Saturday, October 13, 2007

things that have been said to me in an elevator

I live in a downtown condo building with a mishmash of characters, ranging from university students from Hong Kong whose parents have bought them a condo, to retirees who walk around the building with a parrot on their shoulder, to young singles always looking to pick up.

In the category of singles looking to pick up, one in particular comes to mind. He's a 42-year old buyer for a few upscale clothing stores in the city and he's dating a beautiful 26-year old. He has oodles of cash and owns several ridiculous cars. Over the five or so years that he's lived down the hall from me, he's shown a penchant for ridiculous lines he believes will make me want him. As of yet, not one has had the desired result, but I feel the need to share some of my faves:

- Your car needs to go into the shop? Well, do you drive standard? Why don't you just take my Porsche keys now and drive it when you need to? I have the other cars so I don't really need it.

- On anyone else, those jeans would be too short, but you know you can pretty much pull off anything.

- I knocked on your door last night but you didn't answer. How late is it OK for me to knock?

[To my neighbour Joe, who I love, who is trying to set me up with a friend - in front of me, of course] - Don't set her up with that guy. Does he know that this girl isn't someone you just date, she's the girl you get a house with?

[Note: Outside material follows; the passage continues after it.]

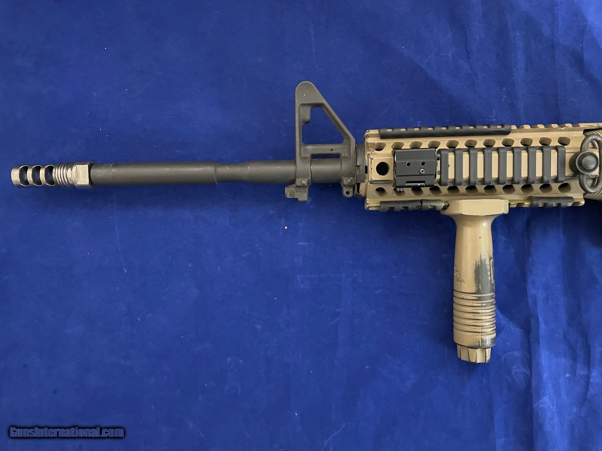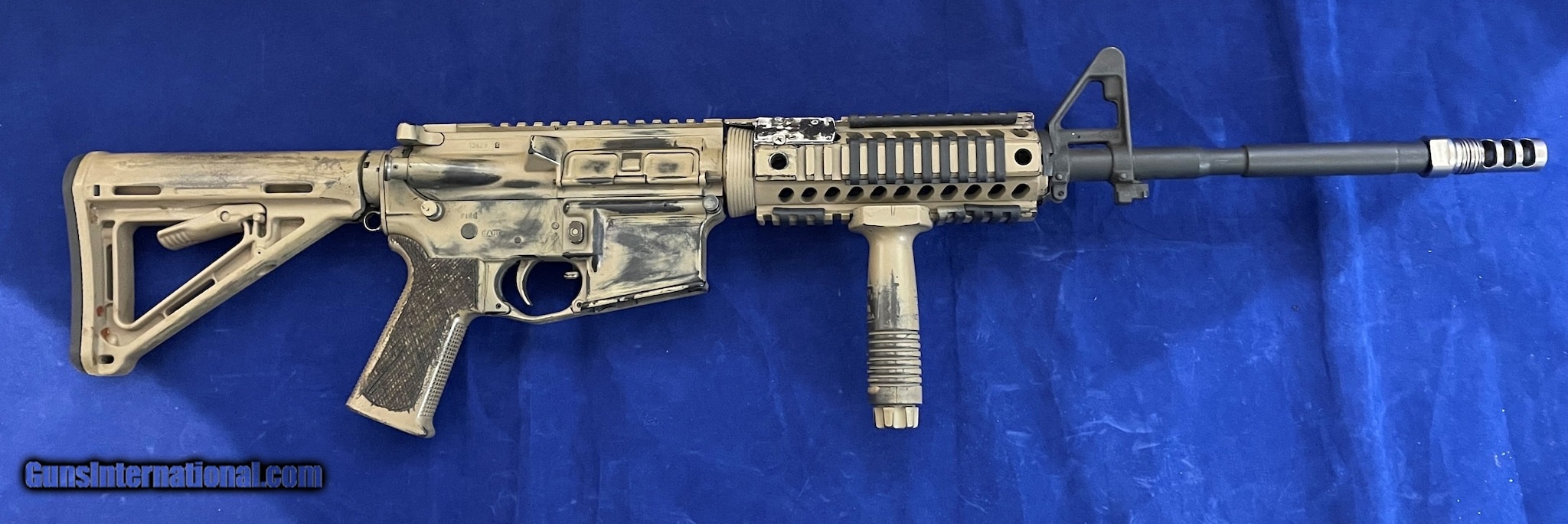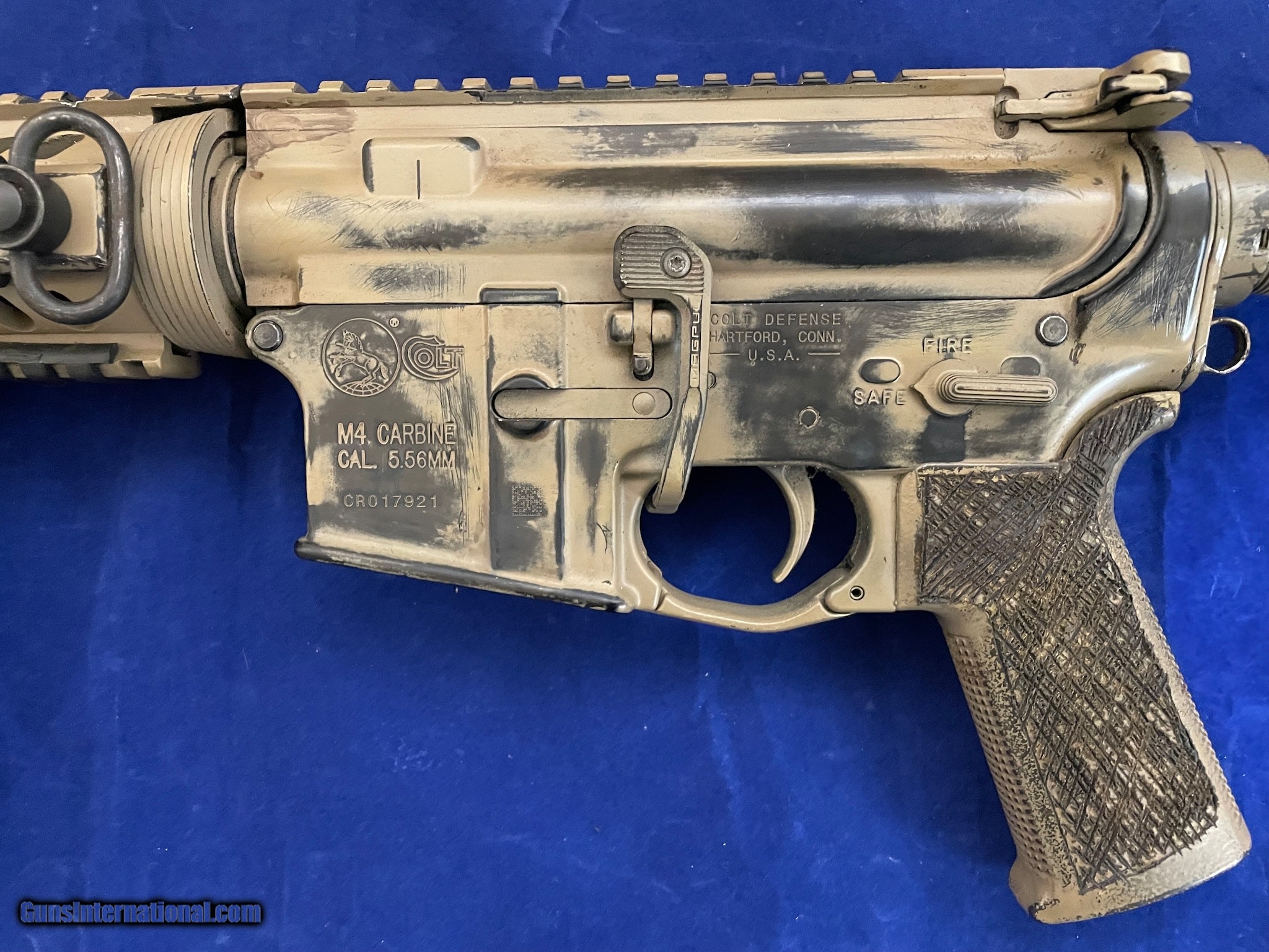 Description: Guns Listing ID: 565038 This listing is for a Colt M4 Carbine Semi-Automatic Rifle. This rifle is pre-owned and has been customized / modified. The previous owner of this firearm painted the majority of the gun with a dessert tan color paint. There is a vertical grip mount installed on the hang guard (which is of course removable). Something that looks like, or appears to be, a Modular Optic System (MOS) plate, has been screwed into the top right side of the hand guard. And finally the grip has been marred / scratched / scrapped, I would assume this was done to give the firearm a type of custom stippling, to help aid in a better grip. No magazine is included with this firearm. Please review all photos for exact condition and description. SOLD Manufacturer: COLT DEFENSE HARTFORD CT Model: M4 CARBINE Caliber Info: 5.56X45MM NATO Condition: Used - Non-Certified Barrels: 16.5 BARREL Finish: DESERT TAN |

- Joe's coming over later to smoke some pot. Why don't you come? If you can't make it down the hall after, you can just wake up at my house tomorrow.

[Today, after I had inches of my hair cut off, and got a new piercing] - You're a different kind of chick, huh? I like that.

[and my personal favourite - because this is what you say to a girl to impress her] - I think it's going to end with the girlfriend soon. She wants to have sex all the time and you know, I'm just not that into sex.



Complaint Department Manager said...

Wow, creepy. I see he's as subtle as a grenade in a barrel of oatmeal.

Emory said...

Hmmm! Are you sure Viagra boy, is into girls? Fashion buyer, oodles of cash, 24 year old, and the Porsche.

Maybe he was knocking on your door for a cup of Chi, kinda like do-dad in 'As Good as it Gets'

Also, any guy that breaks up with a GF because of to much secks, should be considered medically unfit for dating. IMHO.

Complaint Department Manager said...

That whole "I'm just not that into sex" thing is a load of shit. That's a line a guy uses to get the girl's defenses down so he go to work on her trust. He wants you to think he's a "safe bet". What-the-fuck-ever! Although, if he is sincere *bullshit*, then I agree with emory on taking his man card away from him.

Strannix said...

"You're a different kind of chick, huh? I like that."

I'm totally stealing that one.

complain away said...

strannix, you so owe me when you meet the love of your life and live happily ever after. Lemme know when it happens, OK?